In the spreading phase, public health organizations increased their posts with 423 tweets over seven weeks. “Health instructions and suggestions” dominated with 220 tweets, while “impacts and consequences” had the fewest (n = 13). The 83 tweets on “medical research and treatment information” received the highest engagement (120 replies, 860 retweets, 1,525 likes/tweet), whereas the 30 tweets on “case updates” saw the lowest (47 replies, 199 retweets, and 326 likes/tweet). News media organizations also saw a sharp rise, posting 6093 tweets. The most common topic was “policies, methods, and action” (n = 1807), while “health instructions and suggestions” remained the least covered (n = 244). “Case updates” attracted the most average retweets (189 retweets/tweet), while “opinions and responses” attracted the most average replies and likes (112 replies and 536 likes/tweet). In contrast, “impacts and consequences” (n = 746) saw the lowest engagement (23 replies, 91 retweets, and 240 likes/tweet).
In the cohabitation phase, public health organizations posted 631 tweets over seven weeks, with 349 on “health instructions and suggestions”. However, the 74 tweets on “case updates” attracted the highest engagement (64 replies, 385 retweets, and 1244 likes/tweet). In contrast, the 12 tweets on “impacts and consequences” (Australian DHAC: n = 8, UK NHS: n = 3, US CDC: n = 1) had the lowest engagement (22 replies, 81 retweets, and 160 likes/tweet).

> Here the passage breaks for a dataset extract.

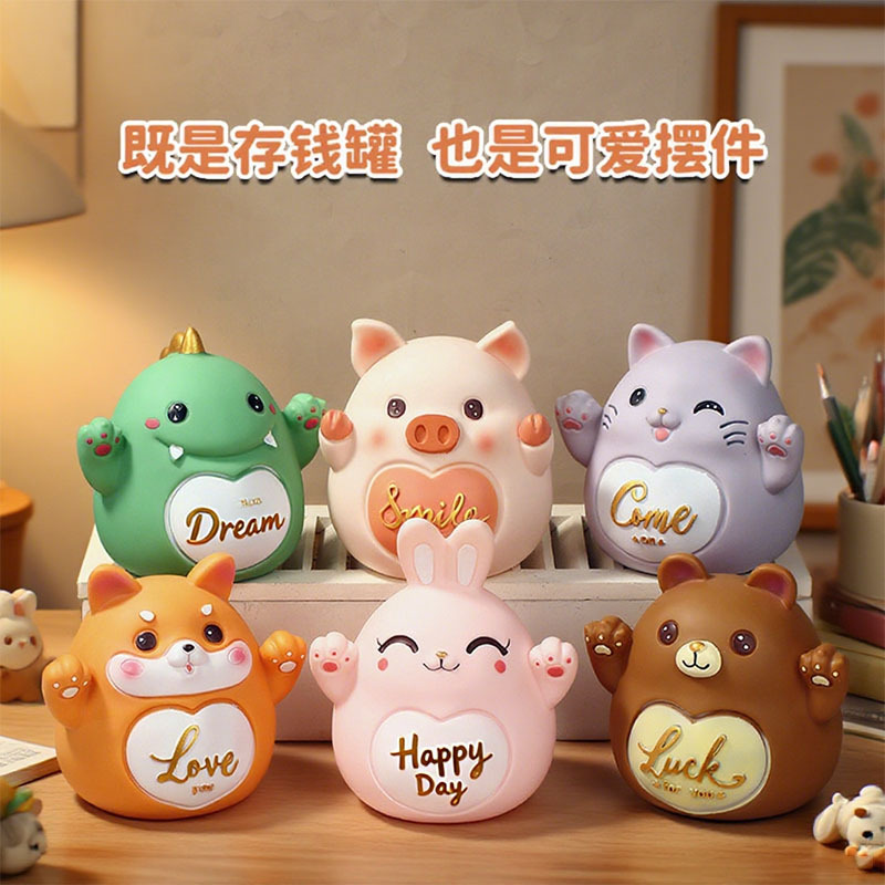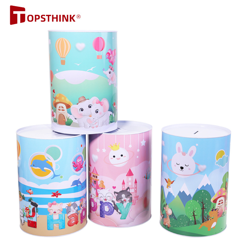 2024国境を越えた新しいアイデアは小銭缶アニメの模様を密封して、洗練された貯金箱の置物は貯蓄できない

News media organizations posted 6435 tweets, still dominated by “policies, methods and action” (n = 1655), while “health instructions and suggestions” remained the least covered (n = 237). The 687 tweets on “medical research and treatment information” attracted the most average retweets (207 retweets/tweet), while the 1604 tweets on “opinions and responses” attracted the most average replies and likes (150 replies and 640 likes/tweet). “Impacts and consequences” (n = 626) continued to receive the lowest engagement (31 replies, 65 retweets, and 224 likes/tweet).
Differences in public engagement by topic uzing different communication strategies
Use of hashtags.
The correlation between the number of hashtags and public engagement varied for public health and news media organizations (Table 6). For news media organizations, a significant negative correlation was observed between hashtag usage and replies, retweets, and likes across all topics (all P < .0.01). In contrast, for public health organizations, the same negative correlation appeared only in the “case updates” topic (P < 0.01 for replies, retweets, and likes). Significant positive correlations were found for public health organizations between hashtag use and engagement in “health instructions and suggestions” and “policies, methods, and action” (P < .01 for replies, retweets, and likes), as well as for retweets and likes in “medical research and treatment information” (P < 0.01).
Length of the tweet
The correlation between tweet length and public engagement varied between public health and news media organizations (Table 7). For public health organizations, tweet length showed significant positive correlations with replies, retweets, and likes in “medical research and treatment information,” “health instructions and suggestions” (all P < 0.01), and “opinions and responses” (P < 0.05 for replies and likes; P < 0.01 for retweets). In contrast, for news media organizations, positive correlations were found only for “health instructions and suggestions” (P < 0.01 for replies) and “opinions and responses” (P < 0.01 for replies, retweets, and likes).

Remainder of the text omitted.